Falando em atores, tenho dificuldade em identificar quem se destaca num filme e guião que pede praticamente o mesmo de todos eles. Digamos que achei a personagem de Jeffrey Wright a mais consistentemente engraçada e a de Scarlett Johansson a mais enigmática e por isso levam os louvores. Falei-vos também de aliens, certo? Bem, é o que podem esperar de um filme do género. A primeira cena com o mesmo até tem o seu charme, mas também logo aí fica a sensação de que mais poderia ter sido extraído, mesmo na simplicidade e comicidade pretendida. Ainda não entendi bem o seu propósito…
Quando chegámos ao terceiro ato, eu já só desejava o final do filme. Este chegou com uma mensagem atirada na minha cara com a quebra da quarta parede de forma abruta e muito simplista, quase como se Anderson se tivesse lembrado do que queria dizer com tudo isto e tivesse que o gritar nos nossos ouvidos. É pena. Não acredito que o norte-americano algum dia mude o seu estilo. Gostava de ver, mas já não fará muito sentido. Tenho, no entanto, receio que o que vejamos daqui para a frente não passe de uma cópia barata de tudo o que já fez, quase que uma paródia de si próprio. Os elementos identificativos estão cá todos, mas elevados ao extremo, com muito pouca finalidade e ainda menos substância. Estilo acima de substância poderá agradar a muito boa gente que dê primazia à estética, mas narrativamente é necessário mais do que o absoluto vazio.
Embora com menos humor e ainda menos para dizer, Wes Anderson faz, do ponto de vista técnico, o mesmo filme que sempre tem feito.

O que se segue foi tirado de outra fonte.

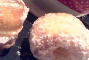 8. Bañamos las crocodonuts en el almíbar y los rebozamos en azúcar en polvo -hecho en casa, es decir que no este demasiado fino-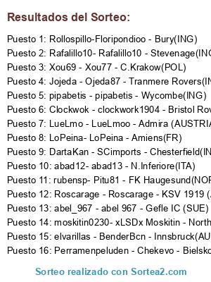 Lista de participantes: Jojeda - Ojeda87 - Tranmere Rovers(ING), Xou69 - Xou77 - C.Krakow(POL), Rollospillo-Floripondioo - Bury(ING), elvarillas - BenderBcn - Innsbruck(AUSTRIA), LoPeina- LoPeina - Amiens(FR), Rafalillo10- Rafalillo10 - Stevenage(ING), Perramenpeluden - Chekevo - Bielsko Biala(POL), Clockwok - clockwork1904 - Bristol Rovers(ING), abad12- abad13 - N.Inferiore(ITA), abel_967 - abel 967 - Gefle IC (SUE), rubensp- Pitu81 - FK Haugesund(NOR), LueLmo - LueLmoo - Admira (AUSTRIA), pipabetis - pipabetis - Wycombe(ING), Roscarage - Roscarage - KSV 1919 (AUSTRIA), DartaKan - SCimports - Chesterfield(ING), moskitin0230- xLSDx Moskitin - Northampton(ING).

Todas as principais marcas identitárias estão aqui: os visuais coloridos, um incrível design de produção, mise-en-scène fascinante e o repetido movimento de câmara lateral. Isso também inclui a quase total ausência de substância, a falta de rumo, o aborrecimento, a monotonia e a inexpressividade de quem está em cena. O que para muitos é quirky e refrescante, deixa de ser original quando se repete filme após filme. Mas, como qualquer outro filme de Anderson, terá os seus fãs acérrimos.